■ EXERCISE DIRECTIONS ■
Restate every line of the data word for word, except for the images.

■ DATA EXTRACT ■

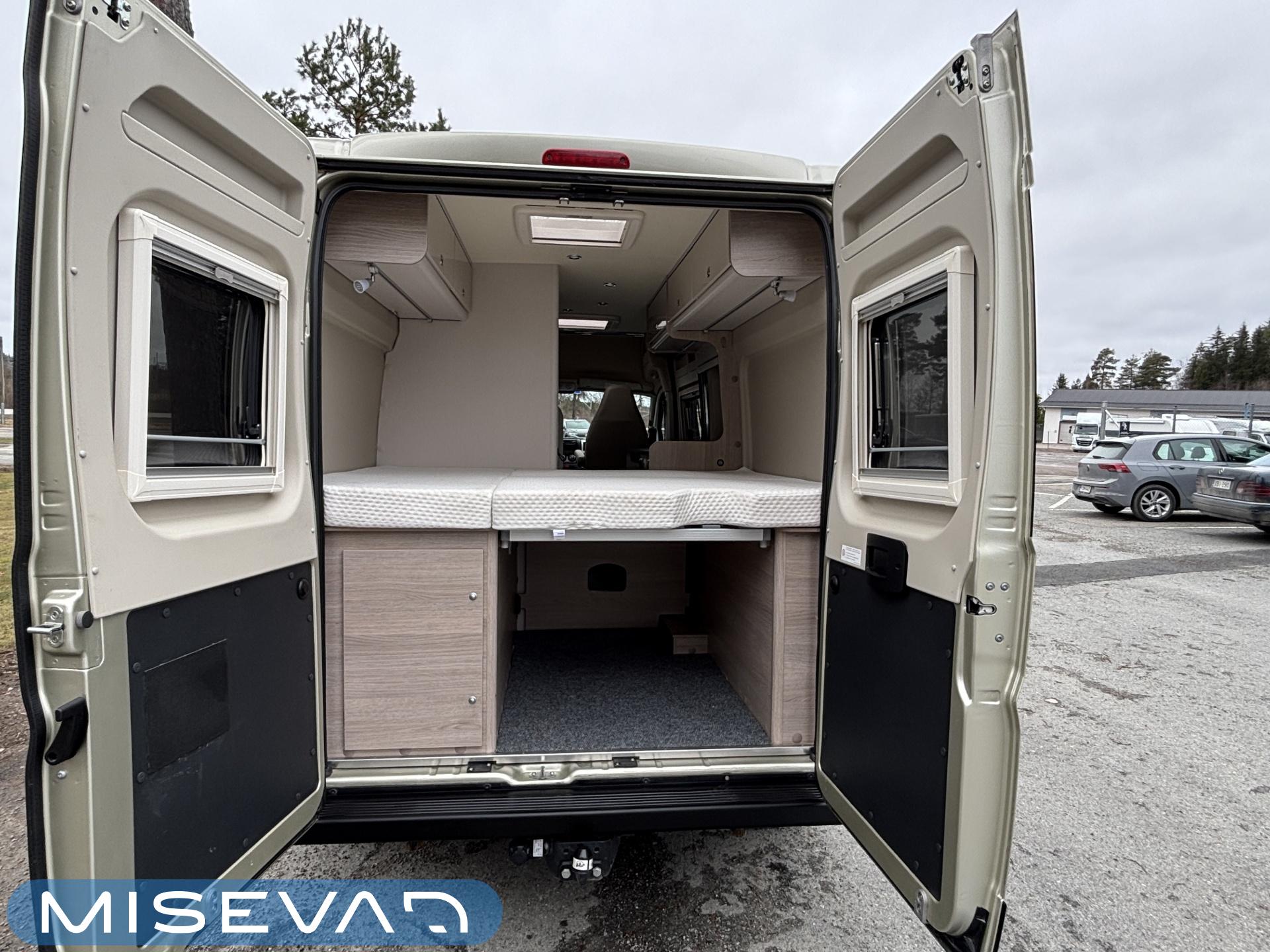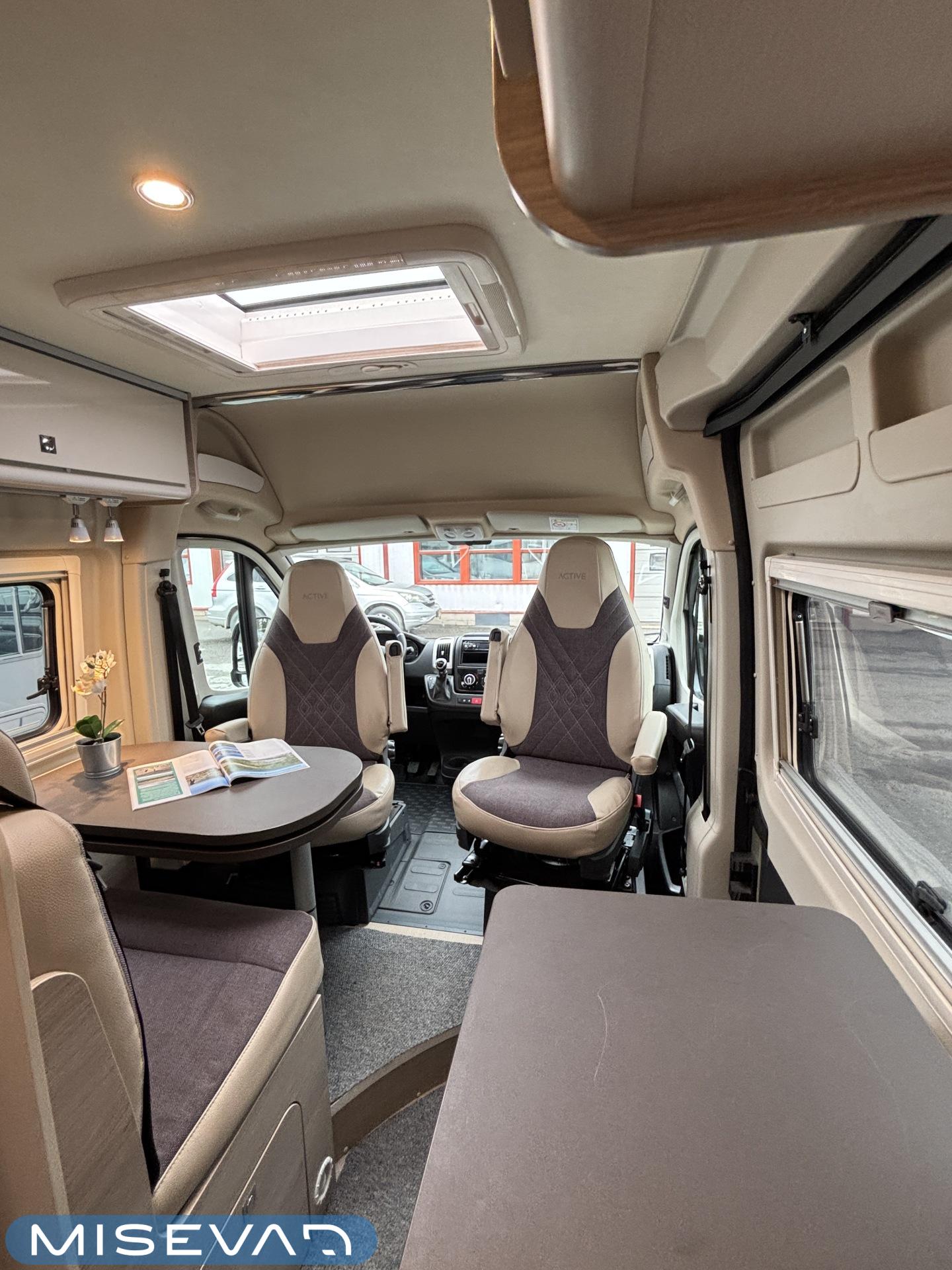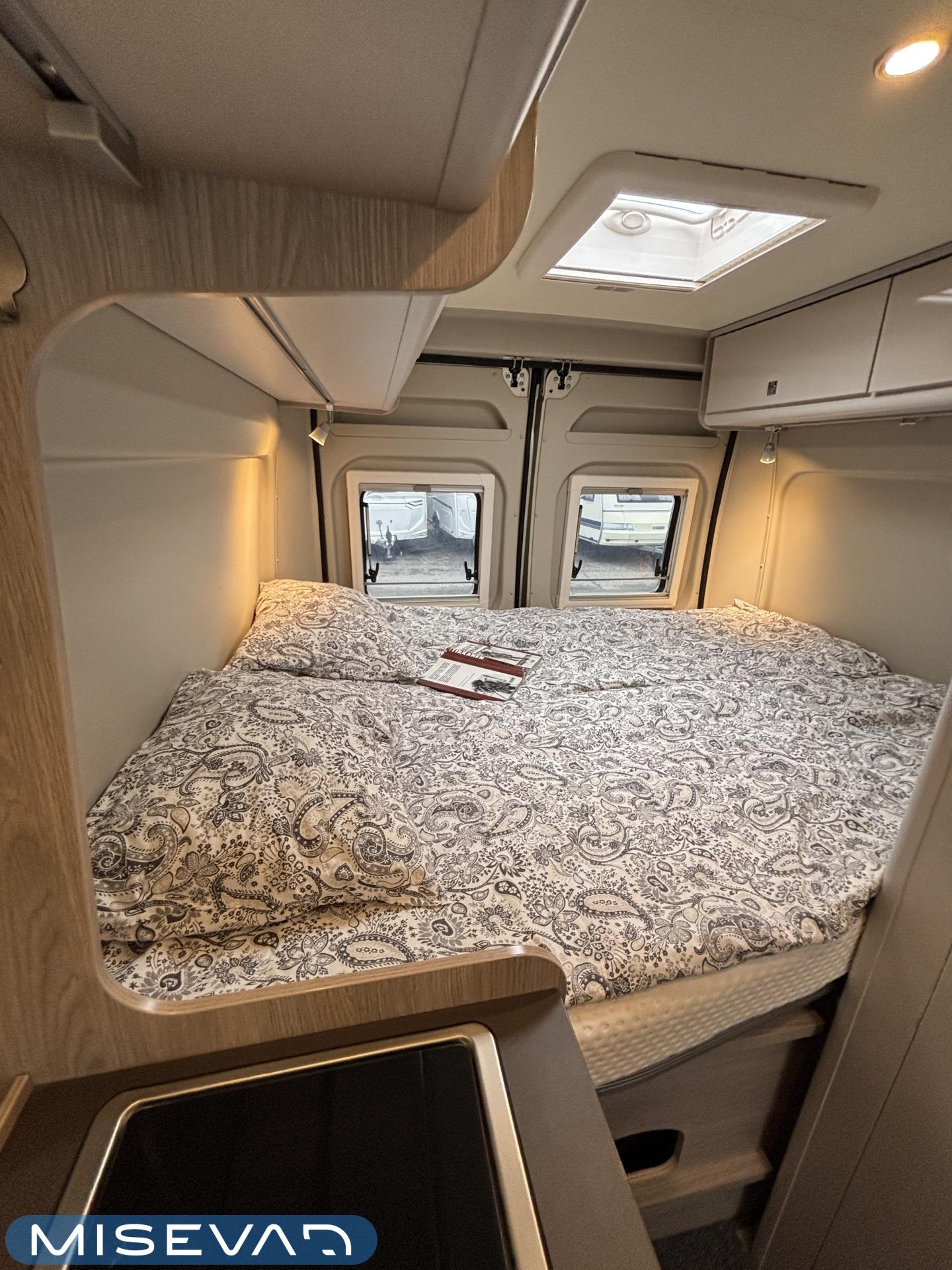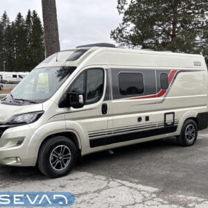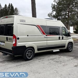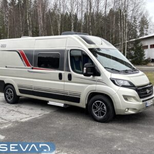 Aika hieno 6-metrinen retkis ensimmäisen ja ainoan käyttäjäomistajan hellän huolenpidon jäljiltä. Korivalmistajana Saksalainen Burstner ja alustana Fiat Ducato 2.3 litraisella dieselillä ja 9-portaisella automaattivaihteistolla varustettuna. Autossa on takaosassa petipaikat kahdelle henkilölle. Vuoteeen alle jää teknisiä tiloja, sekä säilytystilaa tavaroille. Keskivaiheilta löytyy kylppäritilat ja toiselta sivulta keittiö. Huomiotavaa on mukavan suuren litratilavuuden omaava jääkaappi, sekä sen sijoittelu kätevästi keittiön päätyyn. Etuosassa on perinteinen pöytäryhmä kipparinpenkeillä. Ohjaamovarusteina mm. automaattivaihteisto ja vakionopeuden säädin. Asuintilan lämmitysjärjestelmänä toimii Trumaticin ilmakeskuslämmitys ja lämmittimessä on myös ns. sähköpatruuna. Valmiiksi asennettuna löytyy myös vetokoukku ja Trafin ilmoittamat vetomassat ovat 2500kg jarrulliselle kärrille ja 750kg jarruttomalle kärrille. Varsin siistissä kunnossa visuaalisesti niin ulkoa kun sisältäkin. Pituus 6 metriä ja ajettavissa henkilöauton B-kortilla, eli toimittaa hienosti tarvittaessa vaikkapa ihan jokapäiväisen kulkineenkin virkaa.
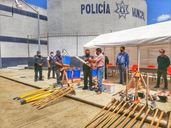 Refuerzan la Dirección de Seguridad Pública de Tamazunchale con material que le fue entregado por parte del Presidente Municipal de Juan Antonio Costa Medina para que los elementos puedan actuar con mayor rapidez en caso de incendio y cuenten con las herramientas necesarias para prestar el llamado de auxilio.
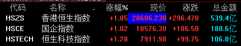 港股主要指数短线拉升,三大指数均涨超1%,恒生科技指数更是涨至1.47%。汽车、生物医药板块涨幅居前,大型科技股集体上扬。
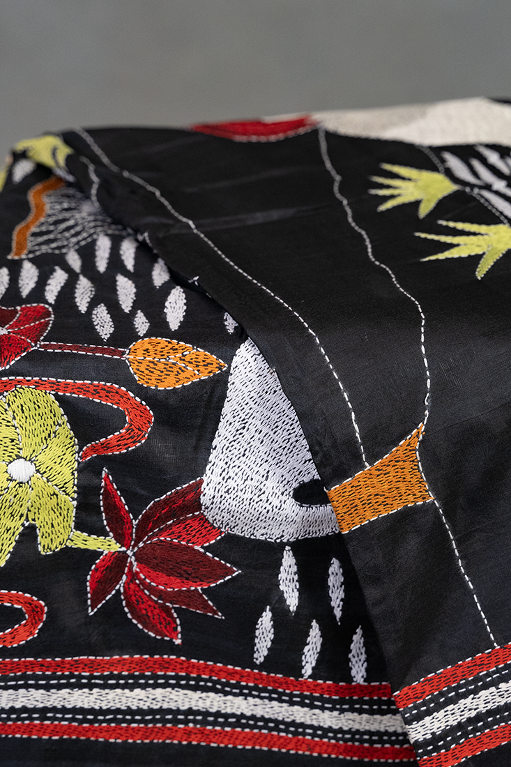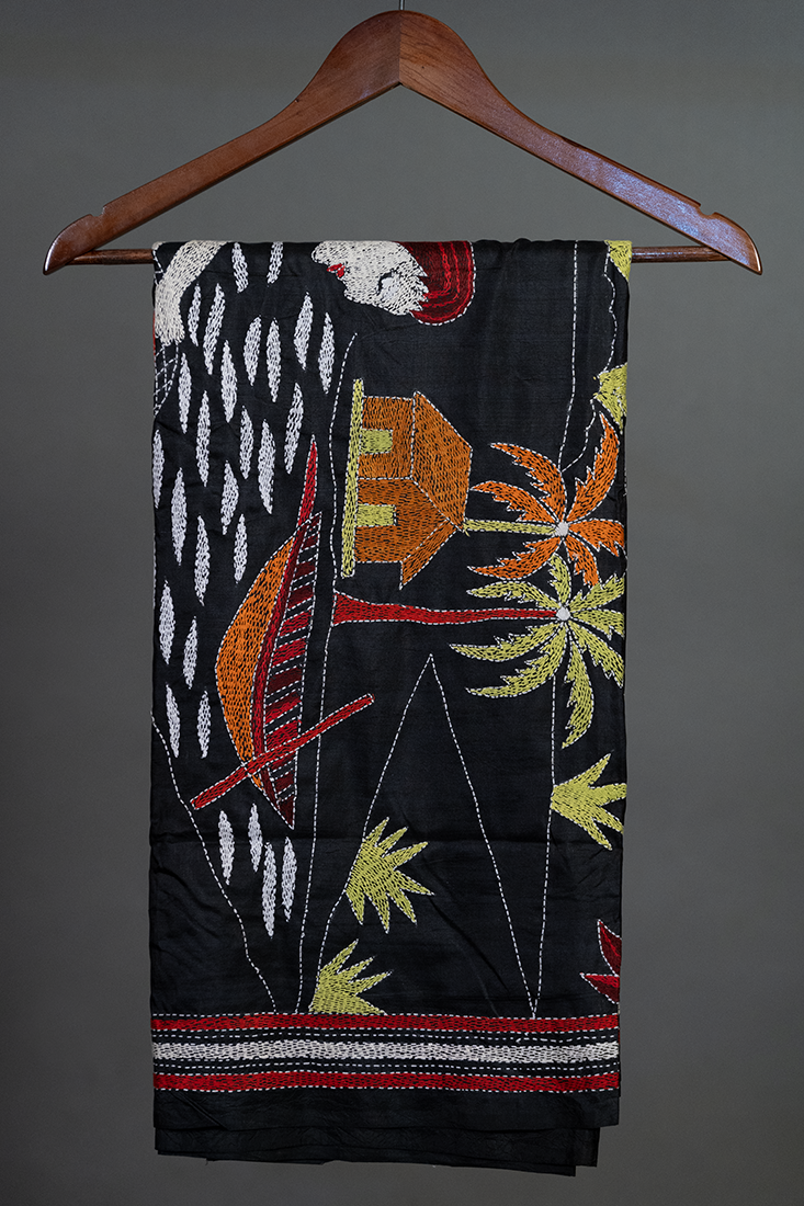 Bolpur – Hand-Stitched Black Fisherman Theme Nakshi Kantha Saree

■ SOLVED PROBLEM ■
 Aika hieno 6-metrinen retkis ensimmäisen ja ainoan käyttäjäomistajan hellän huolenpidon jäljiltä. Korivalmistajana Saksalainen Burstner ja alustana Fiat Ducato 2.3 litraisella dieselillä ja 9-portaisella automaattivaihteistolla varustettuna. Autossa on takaosassa petipaikat kahdelle henkilölle. Vuoteeen alle jää teknisiä tiloja, sekä säilytystilaa tavaroille. Keskivaiheilta löytyy kylppäritilat ja toiselta sivulta keittiö. Huomiotavaa on mukavan suuren litratilavuuden omaava jääkaappi, sekä sen sijoittelu kätevästi keittiön päätyyn. Etuosassa on perinteinen pöytäryhmä kipparinpenkeillä. Ohjaamovarusteina mm. automaattivaihteisto ja vakionopeuden säädin. Asuintilan lämmitysjärjestelmänä toimii Trumaticin ilmakeskuslämmitys ja lämmittimessä on myös ns. sähköpatruuna. Valmiiksi asennettuna löytyy myös vetokoukku ja Trafin ilmoittamat vetomassat ovat 2500kg jarrulliselle kärrille ja 750kg jarruttomalle kärrille. Varsin siistissä kunnossa visuaalisesti niin ulkoa kun sisältäkin. Pituus 6 metriä ja ajettavissa henkilöauton B-kortilla, eli toimittaa hienosti tarvittaessa vaikkapa ihan jokapäiväisen kulkineenkin virkaa.
 Refuerzan la Dirección de Seguridad Pública de Tamazunchale con material que le fue entregado por parte del Presidente Municipal de Juan Antonio Costa Medina para que los elementos puedan actuar con mayor rapidez en caso de incendio y cuenten con las herramientas necesarias para prestar el llamado de auxilio.
 港股主要指数短线拉升,三大指数均涨超1%,恒生科技指数更是涨至1.47%。汽车、生物医药板块涨幅居前,大型科技股集体上扬。
 Bolpur – Hand-Stitched Black Fisherman Theme Nakshi Kantha Saree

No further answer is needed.